Thursday, October 24, 2013

The Uncanny Valley of the Dolls



When I was just about old enough to actually watch tv and get stories and understand that there was no boogeyman and that there was a difference between fiction and reality, I think the thing that still unnerved me the most was the idea of the thing that should be inanimate--souless!--that wasn't. So it was that I found the trailer for "Magic" with Anthony Hopkins and a twisted-sounding dummy especially unnerving. How close is a dummy, after all, to dolls?  And being a girl, how many dolls did I have? All those smooth plastic faces, some with eyes that closed as their weirdly hollow but weighty bodies were laid horizontally--

There was a reason that stuffed animals could stay on my bed, but dolls had to be placed in the toy chest.

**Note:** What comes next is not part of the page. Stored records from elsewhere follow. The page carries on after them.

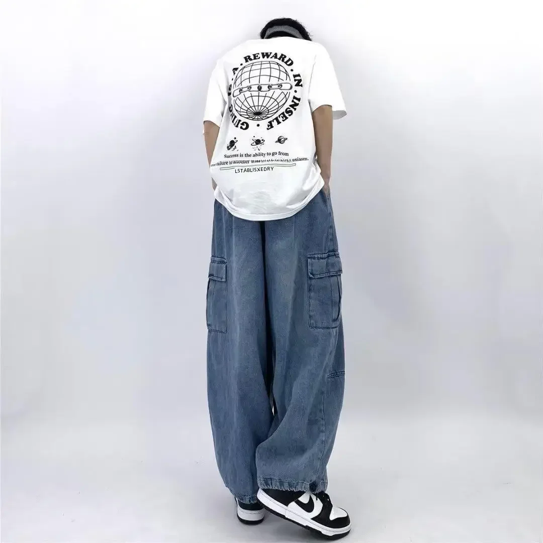 • Versatile Hip-Hop Design :The 2023 New High Street Hip-Hop Overalls Straight Loose Large Pocket Jeans are a versatile design, perfect for both men’s and women’s casual wear.
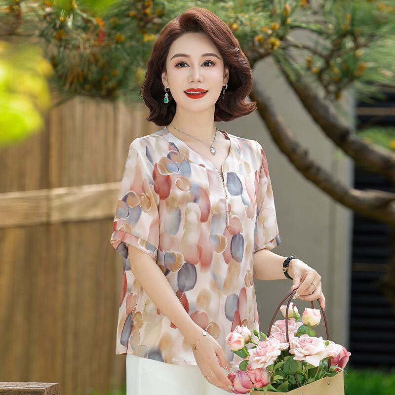 【大人気】中年母親の夏のファッション2025新しい中年婦人服半袖ウエスタンスタイルの小さなシャツレディースシフォンシャツ
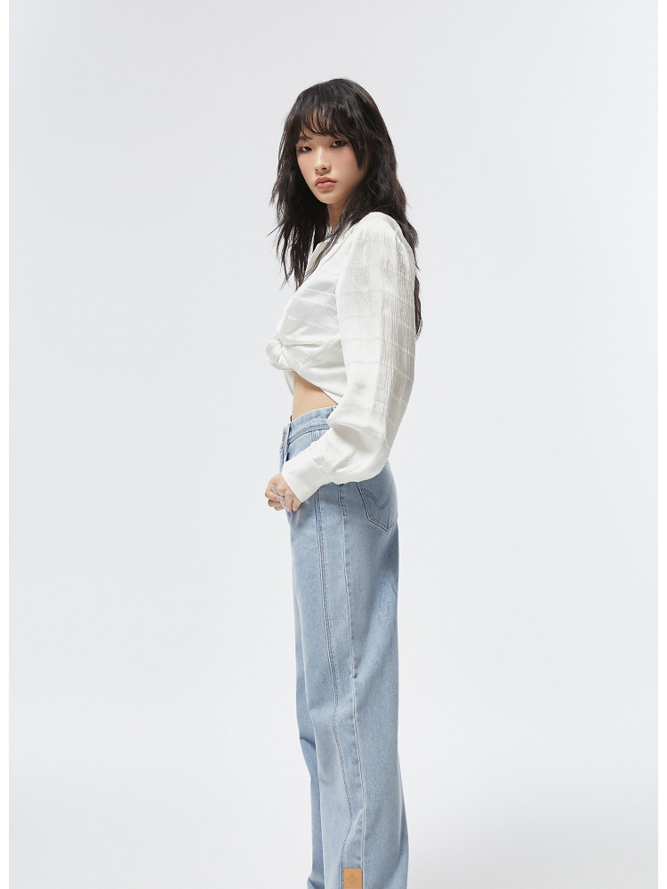 【通勤风】夏季高腰宽松阔腿老爹裤牛仔裤女 044442

I played with my dolls, but I could never love them. They were not "people" even if they looked like people. And perhaps the understanding--the recognition I had--of my rejection of these not quite human things made me wonder how they...saw me.

The internet is littered with images of scary dolls.  Some of them just are terribly bad fascimiles made by an inartful hand. Some are broken, reproachful, like baby zombies. And some are fashioned to be deliberately grotesque, preying upon the lurid fascinations of the unheathfully-centered mind. Their nearness to human features plays upon the sympathy we have for our fellow sentient--we inbue them with a terrifying inner life, even though they are hollow. And yet, we know there are people among us who are most alive--but are, in fact, hollow inside, as far from our understanding as what we imagine in the highly-suggestable imputed psyche of a doll.

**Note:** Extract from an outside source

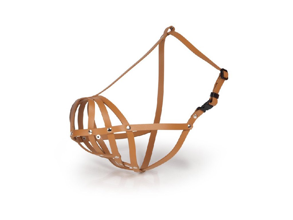 - kožený náhubek s kvalitní umělohmotnou sponou

We human beings are artificers. We capitulate our likenesses in various media, in the hopes of capturing whatever it is we think of as the human essence, from cave paintings to selfies.  One of the most unnerving of our enduring fables is the idea of the actually "made" man--the golem, the corpse-pastiche of Frankenstein, the waxwork or clockwork man. The deadly robot. The killer doll.

It's pretty kinky of us that it is the monster we create nearest to our own likeness, that has such horrors, isn't it? What does it say about us?